Article 2THV8 Call of Duty: WWII hands-on – is latest shooter a return to past glories?

Call of Duty: WWII hands-on – is latest shooter a return to past glories?

by
Keith Stuart
from Technology | The Guardian on (#2THV8)

Some have tired of the CoD franchise, but Activision are hoping a return to the second world war and a new multi-objective mode can revive it

You're in France, 1944, six weeks on from the Normandy beach landings, and things are about to go badly wrong for the US 1st Infantry division. Allied troops converging on the sleepy French town of Merigny expected minimal resistance from the Germany forces stationed there, but the numbers are greater than reported and they have an armoured machine gun car. Your platoon needs to take the church at the centre of the village, but there's a hell-storm of bullets and explosions to get through first. As soldiers run past, shouts ring out and explosions make your ears ring, you realise something pretty fast: Call of Duty is back where it began, and where it now seems to belong - amid the chaos of the second world war.

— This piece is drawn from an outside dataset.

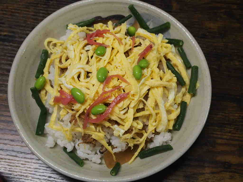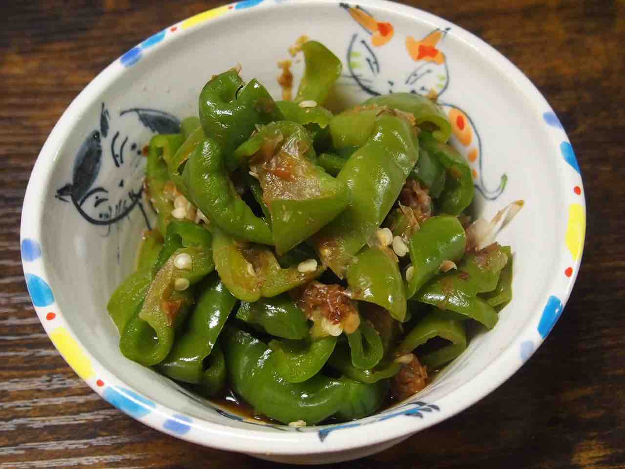ピーマンのみじん切りのせて

The Merigny encounter forms the basis of the Call of Duty: WWII campaign demo, shown off behind closed doors at E3. In this scene, lead protagonist private Ronald "Red" Daniels and other members of the 1st Infantry Division must edge closer to the town under heavy machine gun fire, creeping from wall to wall for cover and switching between familiar weapons of the era: the M1 Garand, the Karabiner 98K, the MP-40. Your first objective is to overrun the machine gun car then use it to direct suppression fire at soldiers in a nearby house, which eventually collapses under the onslaught causing a cascade of dust and rubble. It's familiar action movie stuff, harking right back to the first three titles in the series, but there's one key change: health no longer regenerates automatically - players now have to call for health packs from nearby medics - a feature designed to replicate both the camaraderie and the vulnerability of soldiers.